Rondônia inteira 40 anos, é próspera, e guarda marcas do sofrimento


kim BR-364 - Gente de Opinião
kim BR-364

Hoje, 22 de dezembro, o estado mais próspero da Amazônia Ocidental Brasileira completa quatro décadas de vida. Neste dia, 40 anos atrás, a Lei Complementar nº 41 aprovada pela Câmara dos Deputados e sancionada em Brasília pelo presidente da República, João Baptista de Oliveira Figueiredo, criava a 23ª unidade federativa brasileira, oficialmente instalada em 4 de janeiro de 1982.

Só quatro anos depois de o estado ser criado Rondônia alcançou seu primeiro milhão de habitantes. Era 1985, e de lá para cá se passaram 36 anos, tempo em que o IBGE informa que chegaram de longe ou aqui nasceram mais 815 mil pessoas. A população atual supera 1,8 milhão.

“Temos políticas repressivas de segurança pública, com práticas decorrentes da ineficiência de outras políticas sociais capazes de reduzir a pobreza e criar expectativas de melhoria existencial”, lamenta o historiador Marco Domingues Teixeira ao criticar a realidade atual.
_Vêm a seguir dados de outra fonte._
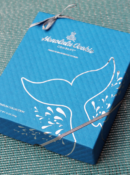 Twenty-four cookies are individually wrapped inside a deep sea-blue embossed Whale Collection Gift Box ($22.95). Inside there are eight flavors: Butter Macadamia, Pineapple Macadamia, Chocolate Dipped Macadamia, White Chocolate Coconut, White Chocolate Kona Coffee, Dark Chocolate Dipped Macadamia, Dark Chocolate Coconut, and Triple Chocolate Macadamia.
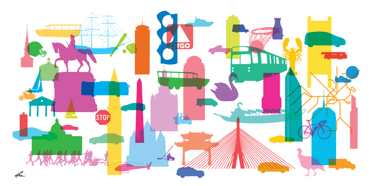 a Boston ambulance, a Boston police car, a Boston fire truck, USPS, truck, A Boston tram, a turkey, MBTA map, a cyclist, Dorchester's Pear sculpture, Duck Tours bus and boat, swan boat, lobster, cars (of different type), bikes, boats, Tea Party ship, George Wahsington statue, baseball, football, soccer, basketball, hockey, bus, marathon runners ,stop sign, Citygo sign, traffic light, helicopter.
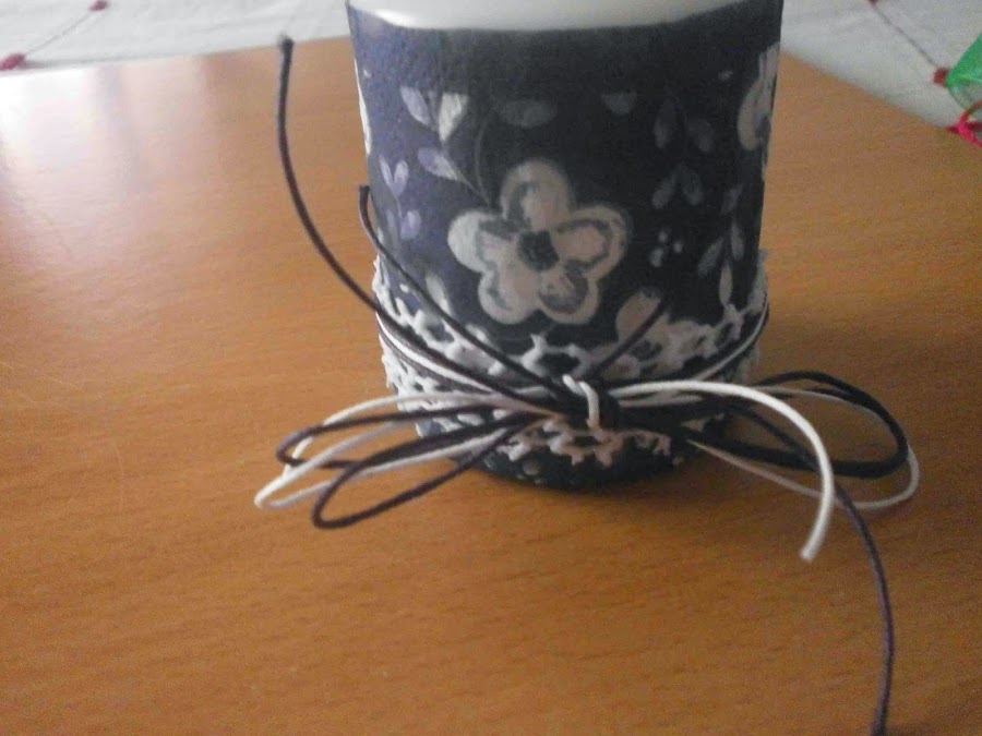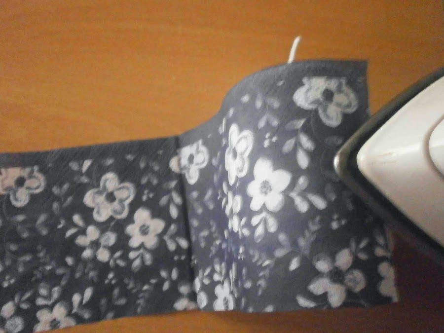 Primero medí el contorno de la vela y el largo, con la vela dentro de la servilleta y corté.

kim atoleiro entre marco rondon e pimenta bueno em 1982 - Gente de Opinião
kim atoleiro entre marco rondon e pimenta bueno em 1982

“Canaã, Eldorado e quintal do Ministério”

 

“Rondônia é a Canaã brasileira”, dizia um grupo evangélico em 1976. “É pra lá que eu vou ir”, proclamava um migrante gaúcho entusiasmado com a nova terra, em 1977. Mas os discursos no Plenário Bohemundo Alvares Afonso, na Câmara Municipal de Porto Velho, e no na tribuna da Câmara dos Deputados, tratavam esta terra pejorativamente: “Rondônia é um quintal do Ministério do Interior”, repetiam vereadores e o deputado federal Jerônimo Santana (MDB) diante da inexistência de recursos para o território sobreviver.
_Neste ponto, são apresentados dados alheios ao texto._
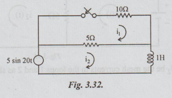 25 For the circuit shown in fig. 3.32, determine the currents when the switch
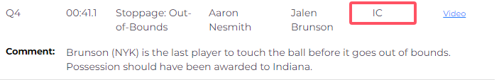 比赛还剩41.1秒尼克斯100-98领先2分,布伦森突破上篮时球出界,裁判把球权判给尼克斯;裁判报告显示,布伦森是最后一个触球的球员,球权应该判给步行者,这是一次重大错判,尼克斯获利,步行者吃亏。
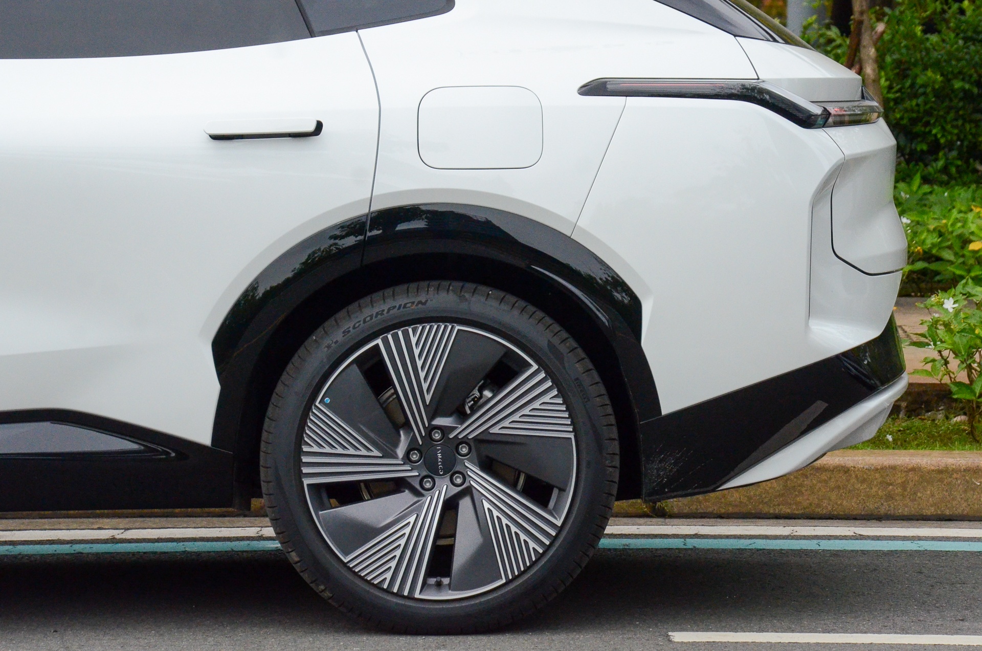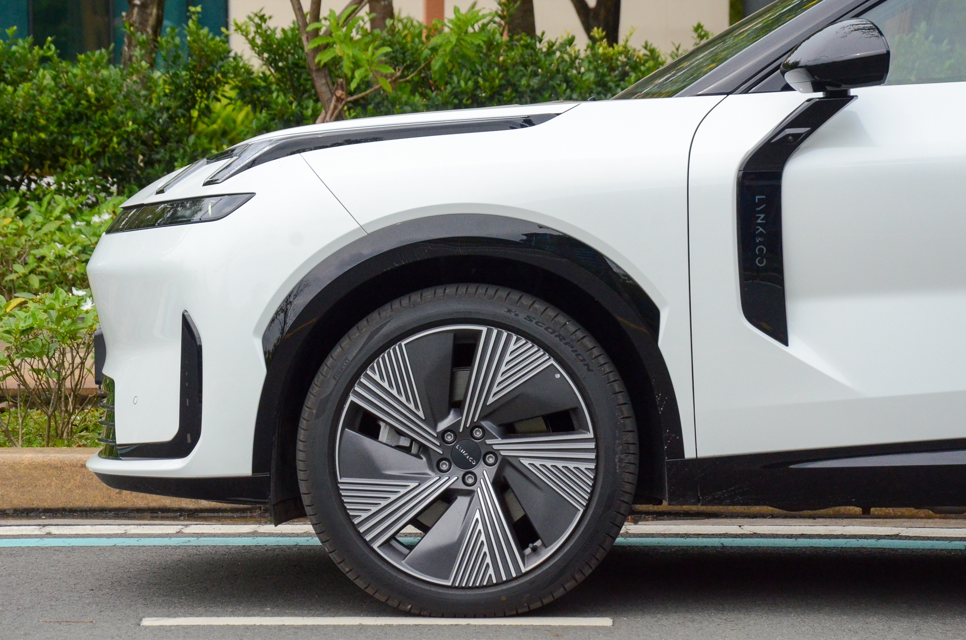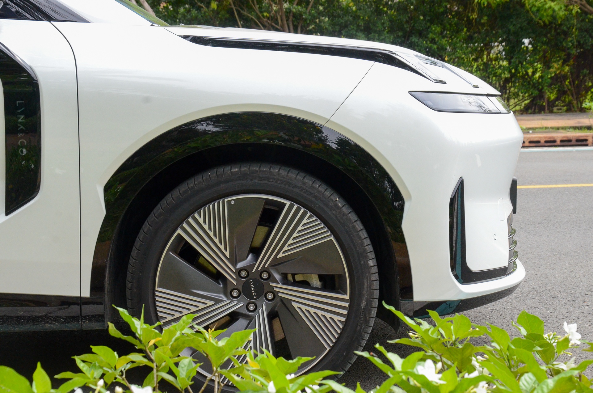 Mâm xe khí động học, đường kính 19 inch hoặc 21 inch tùy phiên bản. Ở phiên bản Halo cao cấp nhất, Lynk & Co 08 sử dụng mâm 21 inch kèm bộ lốp thông số 255/40.

Contudo, sob forte pressão de fatores que hoje se caracterizariam como socioambientais – a exemplo das glebas Rio Pardo, Floresta Jacundá, Flona Bom Futuro, e demais áreas com ocupações –, o ex-governador Ângelo Angelim iniciava um movimento visando a desestimular a corrente migratória.
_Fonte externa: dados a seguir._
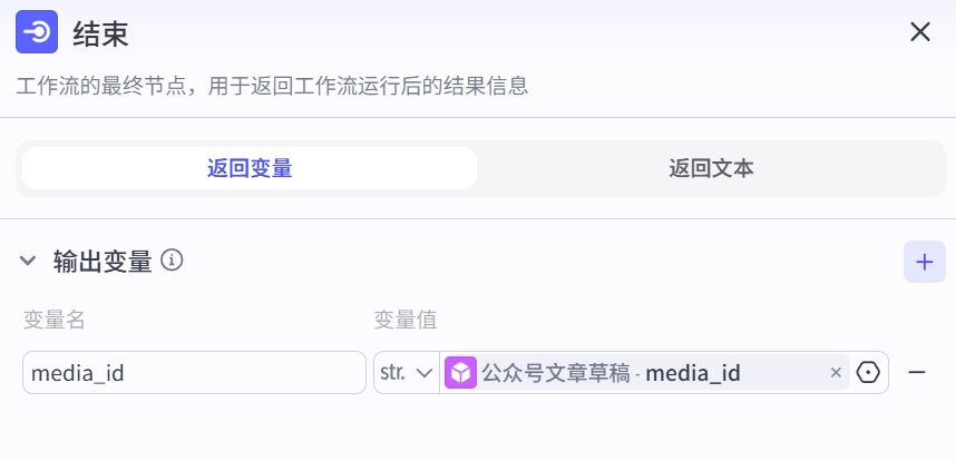 这个节点用来把生成好的漫画图片上传到公众号素材库中,取得图片的访问地址后进行文章的排版。使用到了扣子三方插件【微信公众号接口】的【wx_upload_image】工具。
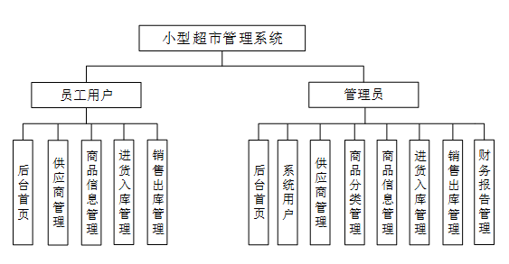 本小型超市管理系统旨在满足员工用户和管理员两大角色的不同需求,通过实现多个功能模块来优化超市的日常运营。系统核心功能包括商品信息管理、供应商管理、进货入库管理、销售出库管理以及财务报告管理等,确保每个用户角色都能高效地执行其职责范围内的任务。具体功能描述如下:

Matérias em jornais e revistas mostrariam em 1985 que o alardeado Eldorado estava minado por malária, falta de crédito, de estradas e desassistência.

 

Prosperidade

 

Quatro décadas depois, o estado é próspero. Conforme dados do Observatório do Desenvolvimento Regional publicado este mês no portal da Secretaria de Estado de Planejamento, Orçamento e Gestão, com dados de janeiro a outubro de 2021, o período foi encerrado com a menor taxa de desocupação da região Norte.  Foram criadas 253.971 vagas, 13% do total.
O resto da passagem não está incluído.